Chef Christopher Collins from The MacIntosh Restaurant shares a recipe for a tasty seared scallops & grits.

INGREDIENTS

• 2 each, jumbo scallops

• 6 ounces Jalapeno-Cheddar Grits

• 2 ounces Tasso Ham Relish

• 2 tablespoons charred corn

• 2 ounces Creole Cream Sauce

• 1 heaping tablespoon Twisted Onions

• parsley, chopped

• Creole Cream Sauce

• 3 cups heavy cream

• 1 tablespoon minced garlic

• 1 tablespoon honey

• 1/2 teaspoon old bay

• Twisted Onions

• 2 scallions (greens only) finely julienned and

• held in ice water

INSTRUCTIONS

To make the Creole Cream Sauce, add all ingredients to a small pot and cook over medium flame until cream is reduced by half; set aside

For the scallops, heat pan over high flame until very hot.

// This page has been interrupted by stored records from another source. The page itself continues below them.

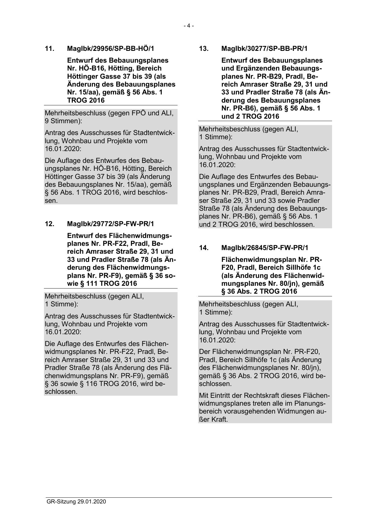 Mehrheitsbeschluss (gegen FPÖ und ALI,
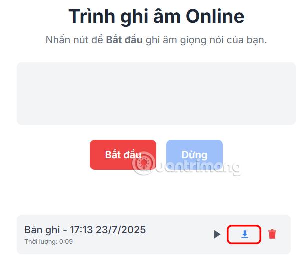 Bản ghi âm hiển thị ở bên dưới, để tải xuống đoạn ghi âm bạn nhấn vào biểu tượng download là được. Muốn nghe thì nhấn biểu tượng play, muốn xóa nhấn biểu tượng thùng rác.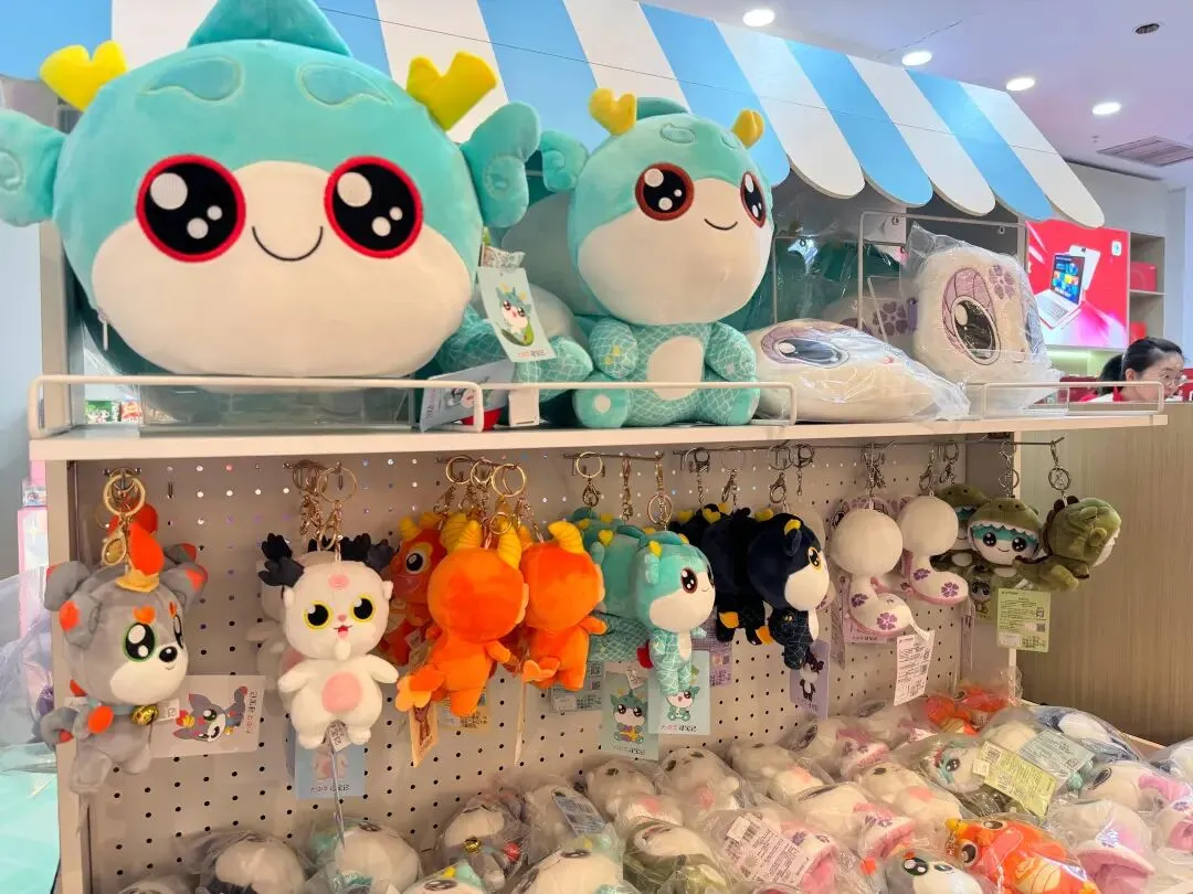 顶呱呱公仔从24cm到45cm,抱在怀里刚刚好。毛绒挂饰恐龙变装款、乌墨墨款、亮晶晶款……每一个都想带回家。还有顶呱呱头型抱枕、亮晶晶毛绒挎包,实用又可爱。
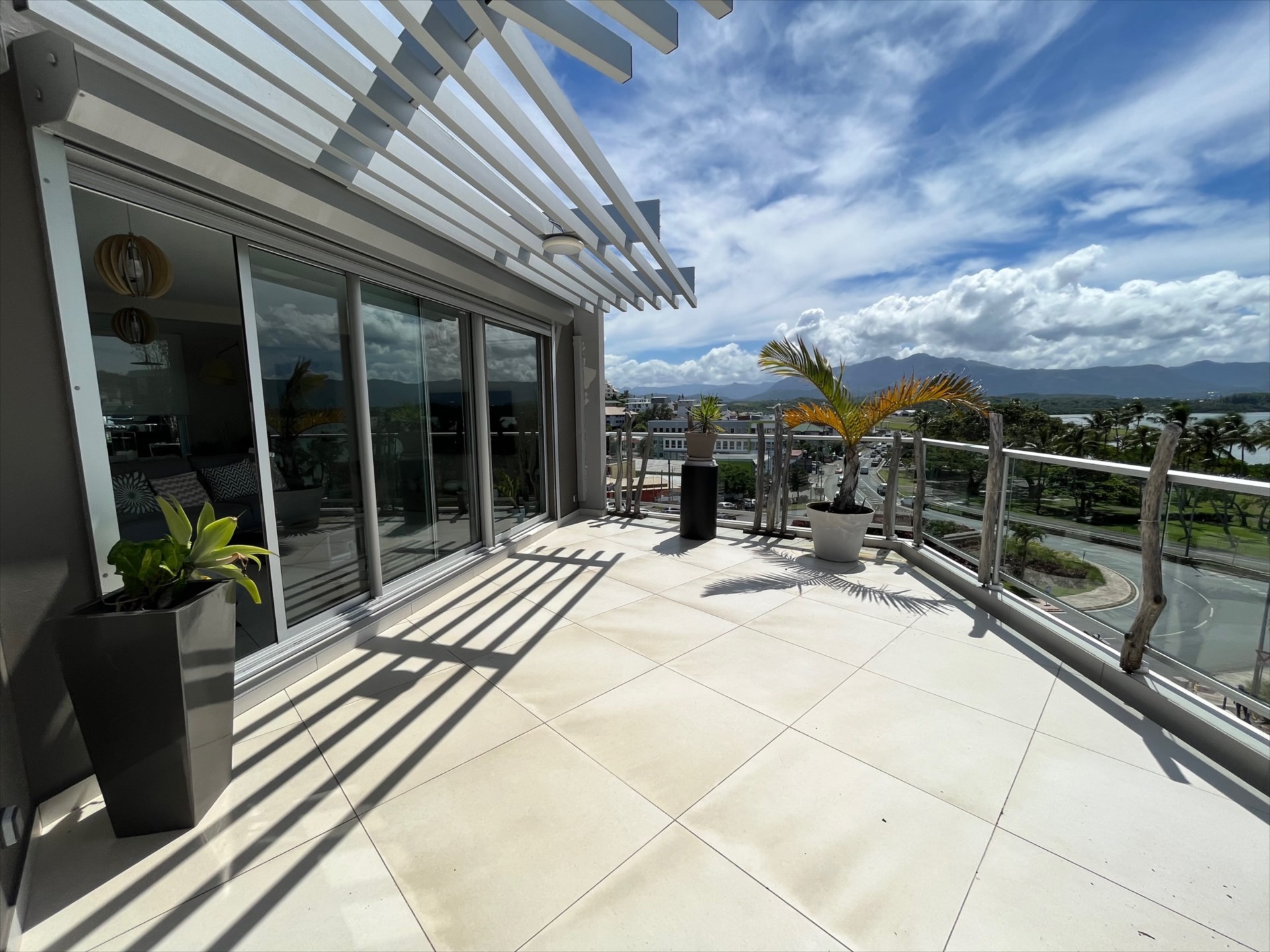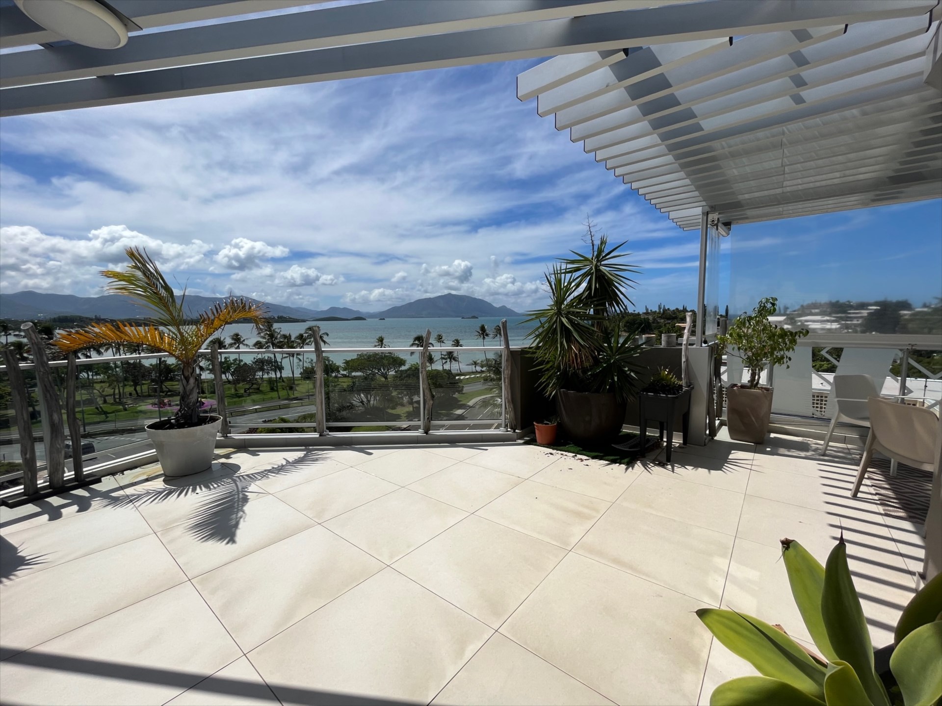 Au total, 130m2 de terrasse sur deux niveaux dont un disposant de gazon sur plot, vue sur mer imprenable et absence de vis à vis.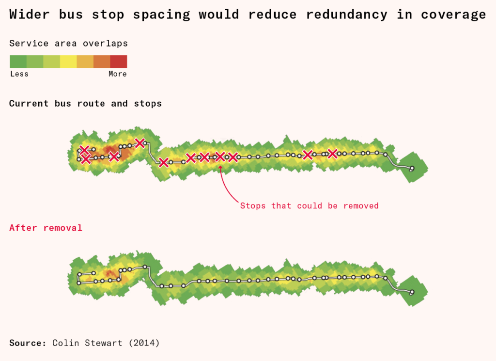 Frequent stopping is part of a strategy that maximizes coverage – giving everyone some access to the bus – even at the expense of overall ridership, which is largely a function of how useful the bus is relative to other transport options. In England, where 28 percent of all bus passengers are on concessionary fares for age or disability, Prime Minister Margaret Thatcher is supposed to have said, ‘If a man finds himself a passenger on a bus having attained the age of 26, he can count himself a failure in life’. This pattern, of only those without good alternative options riding the bus, is especially pronounced in the US. But close stop spacing creates problems.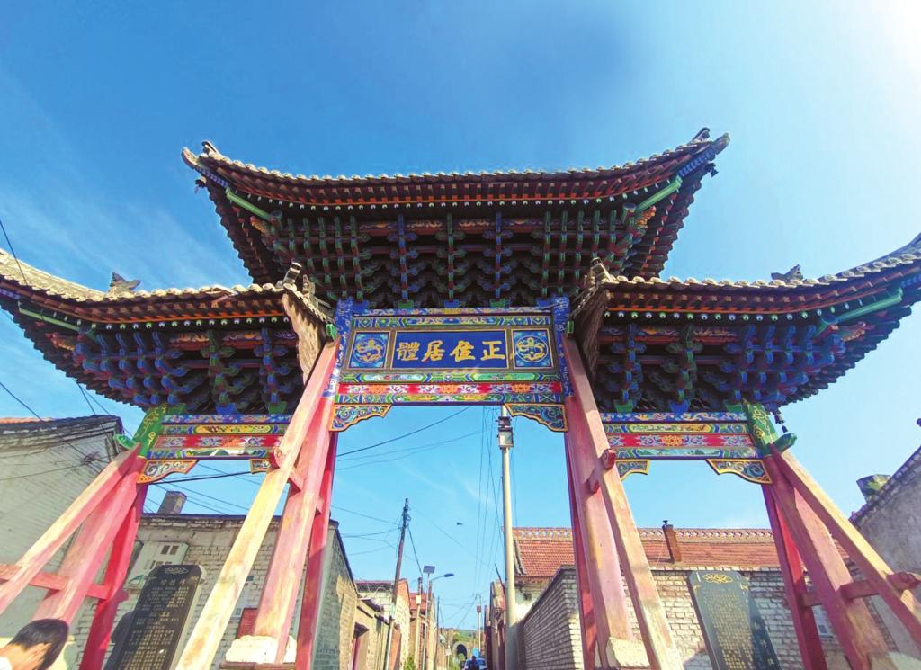 五寨縣三岔木牌坊坐落于三岔堡十字大街的北口,始建于明萬歷九年(1581年)。木牌坊坐北朝南,座基為60厘米高的石砌臺基。牌坊呈三項疊襯“品”字形制,四楹三門,坊高7.25米,通寬11.2米,其中門高3米,寬3.15米,車馬通行;兩邊門略低,高2.65米,寬2米,只呈門樣,不作通行。四楹都用雙木斜卡,并抱有雕獅的石鼓,以鐵條箍制,既固根基,又顯威嚴(yán)。欄坊下裝有木刻匾額,正面題“正位居體”,背面題“大觀在上”。頂端起脊彩飛,雙層檐頭,青瓦蓋頂;下檐五步彩飛檐頭拱,結(jié)構(gòu)奇巧,造型美觀,檐頭四角掛有風(fēng)鈴,微風(fēng)輕拂,鈴聲悠揚(yáng),蔚為壯觀。三岔木牌坊是五寨縣境內(nèi)僅存的一座木結(jié)構(gòu)明代古建筑,具有較高的建筑文化水平和藝術(shù)鑒賞價值。2007年6月6日,忻州市人民政府公布其為市級文物保護(hù)單位。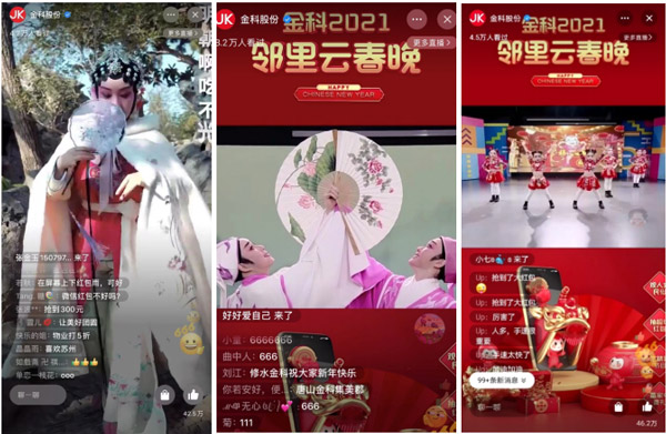 金科積極響應政府號召,也深度洞察人們對團圓的期盼,2月5日,集團品牌統籌舉辦了“金科2021鄰里云春晚”。通過一場鄰里春晚直播,打破了疫情防控常態化下的空間壁壘,讓全國百萬業主實現線上團圓。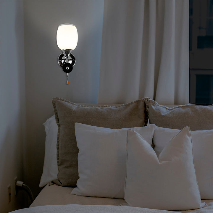 La lámpara de pared Abdera 001 es una excelente opción para aportar iluminación superior en espacios interiores. Su estructura metálica en acabado dorado con pantalla de cristal blanco opalino brinda un toque decorativo elegante y moderno, ideal para ambientes donde se busca calidez y estilo.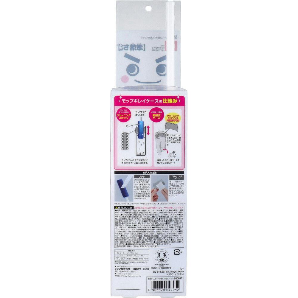 ケースに通すだけ モップがキレイに!ケースに通すだけ。いつでもモップキレイ!●モップはケースに通すとキレイになり、ホコリは徐々にまとまって溜まります。●ケースがパカっと大きく開くので、溜まったホコリを簡単に捨てられます。●シンプルな形状のケースだから、手に取りやすい場所に置きやすく、いつでもサッとお掃除できます。●PC・テレビ周りに/棚・小物の間に。●サッと使って片づけやすいシンプルケース付き。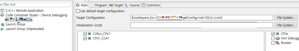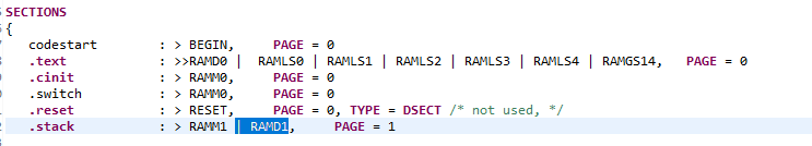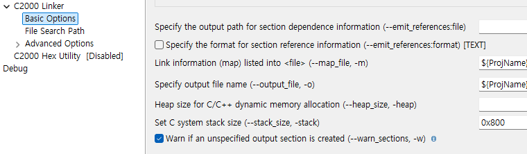 링커 파일에 스택 램 영역을 RAMLS0로 수정 필요.

Add 1 tsp cooking oil to pan, swirl to evenly coat, and then add scallops.

As the scallops are cooking, add 2 tablespoon of butter to the pan and baste the scallops with the melted butter.

Cook scallops for 2 minutes and then flip.

Cook an additional 90 seconds, continually basting with butter.

Remove from heat.

Spoon the Jalapeno-Cheddar Grits evenly in a large serving bowl.

Top with the Tasso Ham Relish and charred corn.

Place the seared scallops in the center of the dish and ladle Creole Cream Sauce over the scallops.

Top with Twisted Onions Garnish with fresh chopped parsley and cracked pepper.